По понедельникам Павел торопился на еженедельную утреннюю конференцию в своей клинике, Марфа убегала к первой паре. Фирины дети и внуки разбегались по офисам и детским садам, стареющая мама со своим йориком к утру одерживала победу в битве с ночной бессонницей и засыпала богатырским сном. Уличная дверь и в той, и в другой квартире примерно в одно и то же время плотно закрывалась, и вот тогда… можно было налить чашечку кофе и сесть в кресло, не напрягаясь, что кто-то рядом греет уши, накапливая информацию для критических насмешек.

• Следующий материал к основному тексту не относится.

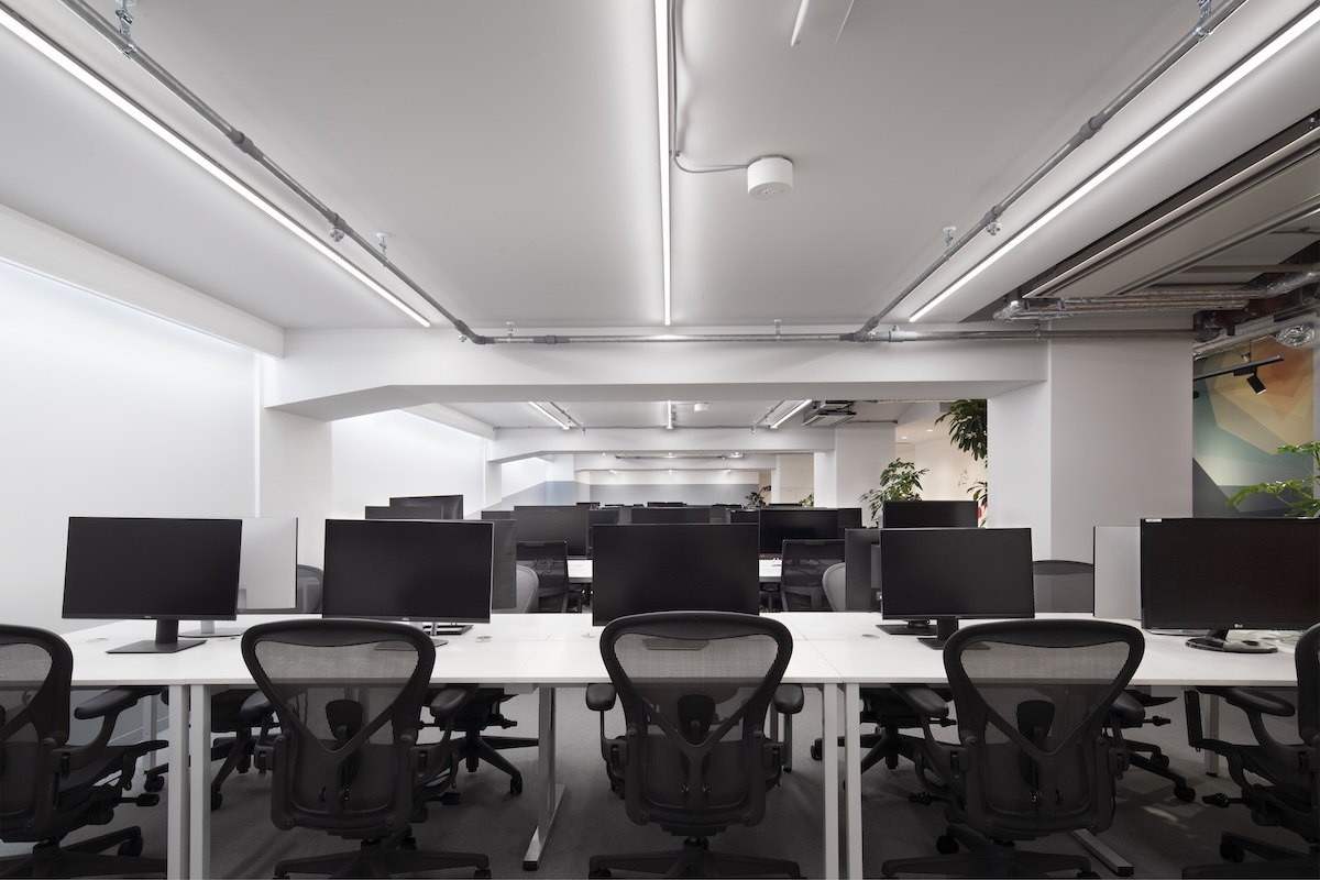 デスクが並ぶエリアは長いテーブルにモニターが並ぶフリーアドレス式。椅子に腰掛けると蛍光灯が整然と並んで見えて、基地感があるという。

– Итак, «что тебе снилось, крейсер „Аврора“ в час, когда утро встает над Невой?» – пропела Глафира. И, совсем не дожидаясь ответа на музыкальный вопрос, продолжила: «Крейсер „Аврора“ – это не фамилия и имя девушки. Я так, на всякий случай напоминаю. Для особо одаренных».
– Очень смешно. А «Невой» значит «не вой слишком громко, соседей распугаешь»? Ты это хотела сказать?
– Просто вспомнила старую песню. В школе на уроках музыки разучивали, и добрая половина класса была уверена, что это песня про девочку Аврору Крейсер. Вот тебе потерянное поколение девяностых – полное равнодушие к историческим объектам, несмотря на шаговую доступность.
– Я думаю, эта половина класса состояла из одних двоечников?
– Ну давай, отличница, колись, что на этот раз было интересненького?
– Давай ты первая, а то все я да я…
– А у меня все прозрачно, даже напрягаться не надо. Из того, что запомнила: стою на перекрестке, перекресток Т-образный, две дороги ровные, третья уходит за поворот – ее толком не видно. Я такая сначала в замешательстве, типа «куда податься бедному евр-рэю?», потом, естественно, почапала за поворот – любопытно же… Там ледяная гора. Огромная. Дальше никак не пройти, надо по ней карабкаться. Я, конечно же, ползу, цепляясь голыми руками за выступы, немного страшно. Вот рассказываю тебе, а в голове зазвучала песня:
«Не гляди назад, не гляди.
Просто имена переставь.
Спят в твоих глазах, спят дожди.
Ты не для меня их оставь…».
Фира начала напевать знакомую с боевой юности песню. Голос у нее был красивый, тембр низкий с расщеплением – утомительные уроки сольфеджио и диплом с отличием об окончании музыкальной школы обеспечивали точное попадание в ноты. Анна Освальдовна, учительница сольфеджио, безусловно, была бы довольна – не зря мучилась с «бесталанными балбесами». Глафира уже сделала вдох, чтобы продолжить куплет, но у Липы было не так много времени, поэтому она шутливо поторопила подругу: «Тебе же ясно сказано: „Не гляди на зад“. Там случайно не сказали, на чей зад не глядеть?».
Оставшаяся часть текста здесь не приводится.